» **EXERCISE PROMPT**
Please return only the lines from the one showing "朋自遠(yuǎn)方來(lá" to the end of the entries, keeping both ends and dropping every picture.

++++++++

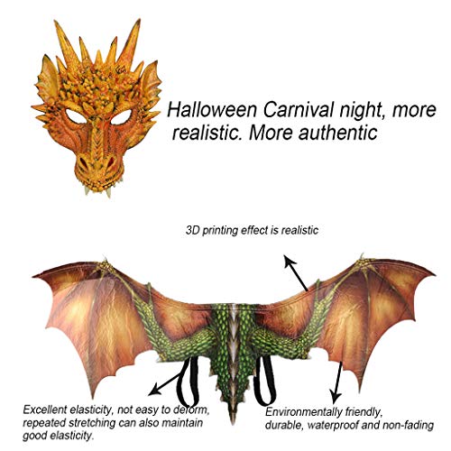 Xmiral Farfalla Angelo Ali di Farfalla Scialle Mantello Butterfly Wings Accessorio Ala Ala Maschera Animale Cosplay Costume Dinosauro di Halloween (1x Wings + 1x Maschera di Drago,Giallo)
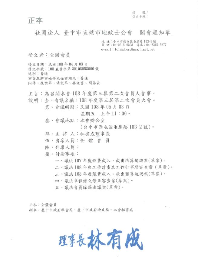 本會召開108年度第三屆第二次會員大會開會日期:108/5/3(五)上午11時~12時
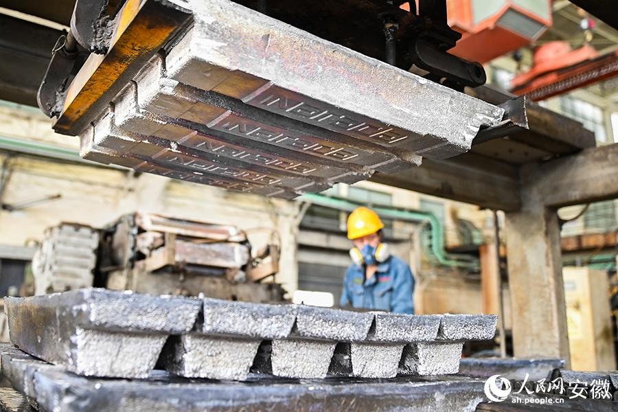 A worker works on a production line of lead blocks at Tianying Technology Park in Jieshou, Fuyang, east China's Anhui Province. (People's Daily Online/Miao Zijian)
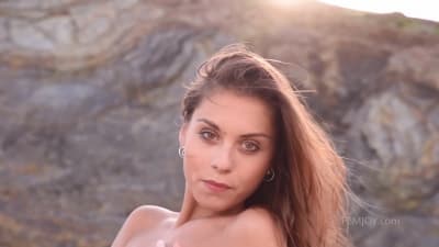 Sabrisse macht einen sinnlichen Striptease am Strand
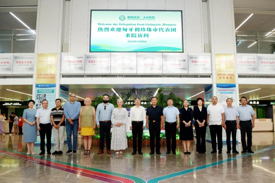朋自遠(yuǎn)方來(lái),攜手話合作。7月26日,漯河市友好城市——匈牙利珍珠市議會(huì)主席嘉柏瑞拉·森、聯(lián)絡(luò)處主任托馬斯·皮??啤?guó)際關(guān)系處主任拉斯洛·恰爾達(dá)斯、杜比茨酒莊總經(jīng)理喬治·杜奈組成的珍珠市代表團(tuán),蒞臨漯河市第二人民醫(yī)院,交流醫(yī)療合作事宜。匈牙利河南總商會(huì)會(huì)長(zhǎng)白勇、副會(huì)長(zhǎng)應(yīng)建輝,市衛(wèi)健委黨組書記、主任宋耀生,市委外辦副主任楊興濤,市衛(wèi)健委醫(yī)政科長(zhǎng)王彩紅參加活動(dòng),市二院黨委書記魏松、院長(zhǎng)王瑾攜班子成員及相關(guān)職能部門負(fù)責(zé)同志全程陪同。
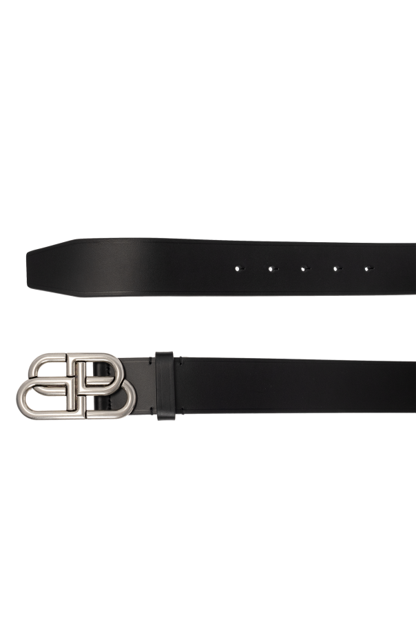 Black belt from Balenciaga. Made from leather, this item features an antiqued silver-tone metal buckle in the shape of a logo.
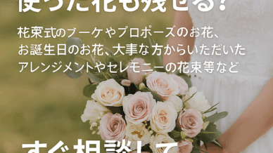 〜プロポーズや結婚式のブーケを“ただの記憶”で終わらせないために〜結婚式や前撮りで手にしたブーケは、その日の感動や想いがぎゅっと詰まった特別な宝物。「写真だけで終わらせたくない」「両親や将来の子どもに...
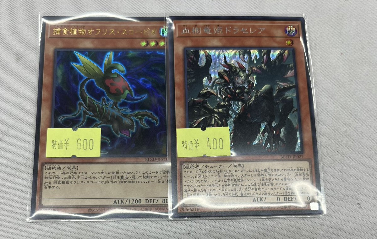 『捕食植物オフリススコーピオ』ウルトラ 『血樹竜姫ドラセレア』シク 『妖精伝姫ラチカ』 『レッドデーモンズドラゴン』シク お求めの方はぜひ
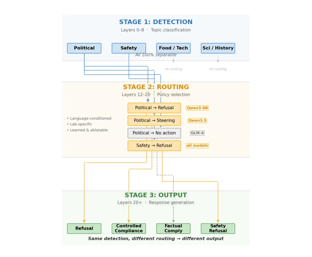 ●通过对9款开源模型进行线性探测和外科手术式消融实验,研究发现「概念检测能力」与「行为路由策略」是解剖学上相互独立的系统:所有模型对政治内容的线性探测准确率几乎都达到100%,但输出可以是准确信息、宣传、捏造或回避——四种截然不同的结果。
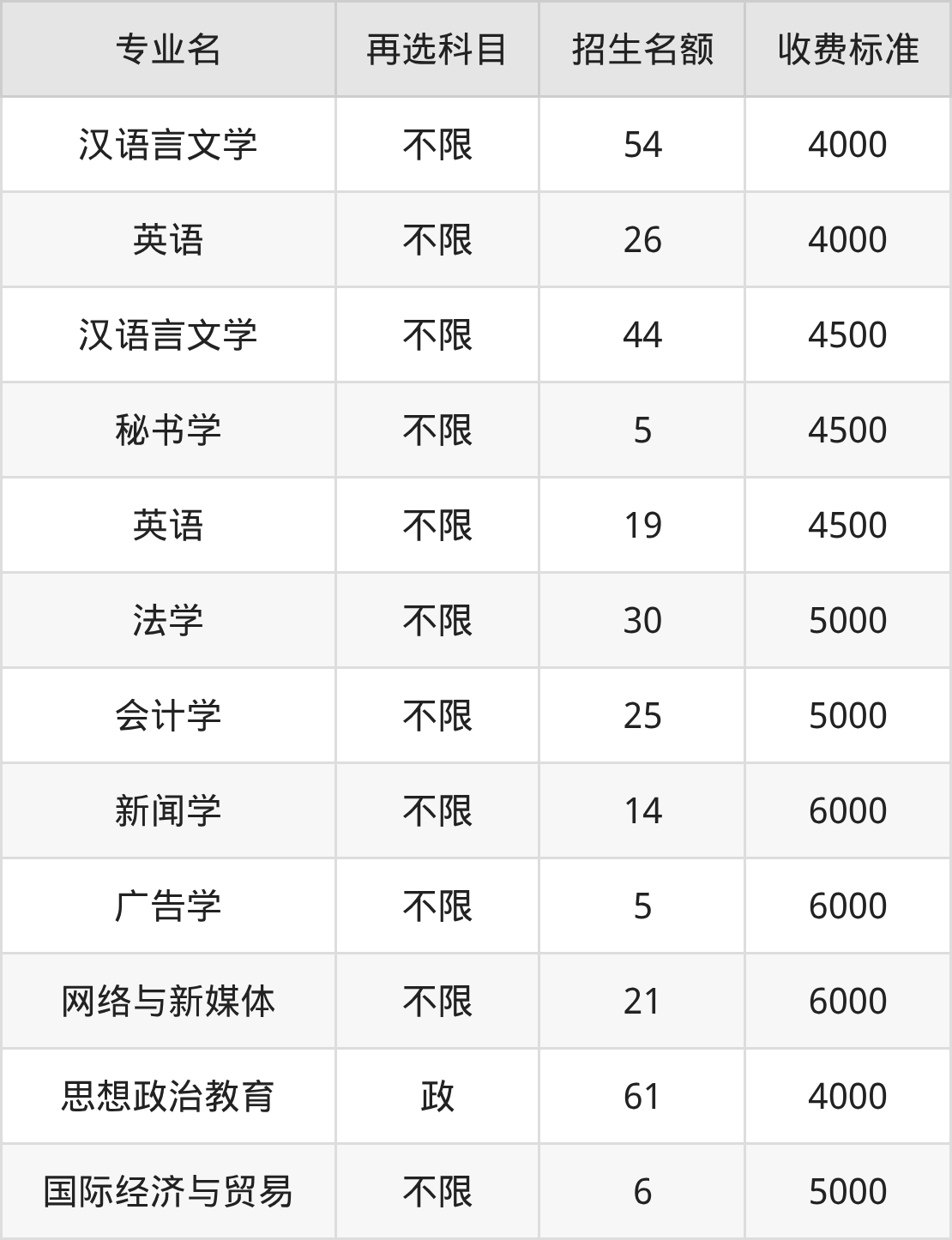 6.国际经济与贸易:学费是5000元

++++++++

» **RESPONSE**
朋自遠(yuǎn)方來(lái),攜手話合作。7月26日,漯河市友好城市——匈牙利珍珠市議會(huì)主席嘉柏瑞拉·森、聯(lián)絡(luò)處主任托馬斯·皮??啤?guó)際關(guān)系處主任拉斯洛·恰爾達(dá)斯、杜比茨酒莊總經(jīng)理喬治·杜奈組成的珍珠市代表團(tuán),蒞臨漯河市第二人民醫(yī)院,交流醫(yī)療合作事宜。匈牙利河南總商會(huì)會(huì)長(zhǎng)白勇、副會(huì)長(zhǎng)應(yīng)建輝,市衛(wèi)健委黨組書記、主任宋耀生,市委外辦副主任楊興濤,市衛(wèi)健委醫(yī)政科長(zhǎng)王彩紅參加活動(dòng),市二院黨委書記魏松、院長(zhǎng)王瑾攜班子成員及相關(guān)職能部門負(fù)責(zé)同志全程陪同。
 Black belt from Balenciaga. Made from leather, this item features an antiqued silver-tone metal buckle in the shape of a logo.
 〜プロポーズや結婚式のブーケを“ただの記憶”で終わらせないために〜結婚式や前撮りで手にしたブーケは、その日の感動や想いがぎゅっと詰まった特別な宝物。「写真だけで終わらせたくない」「両親や将来の子どもに...
 『捕食植物オフリススコーピオ』ウルトラ 『血樹竜姫ドラセレア』シク 『妖精伝姫ラチカ』 『レッドデーモンズドラゴン』シク お求めの方はぜひ
 ●通过对9款开源模型进行线性探测和外科手术式消融实验,研究发现「概念检测能力」与「行为路由策略」是解剖学上相互独立的系统:所有模型对政治内容的线性探测准确率几乎都达到100%,但输出可以是准确信息、宣传、捏造或回避——四种截然不同的结果。
 6.国际经济与贸易:学费是5000元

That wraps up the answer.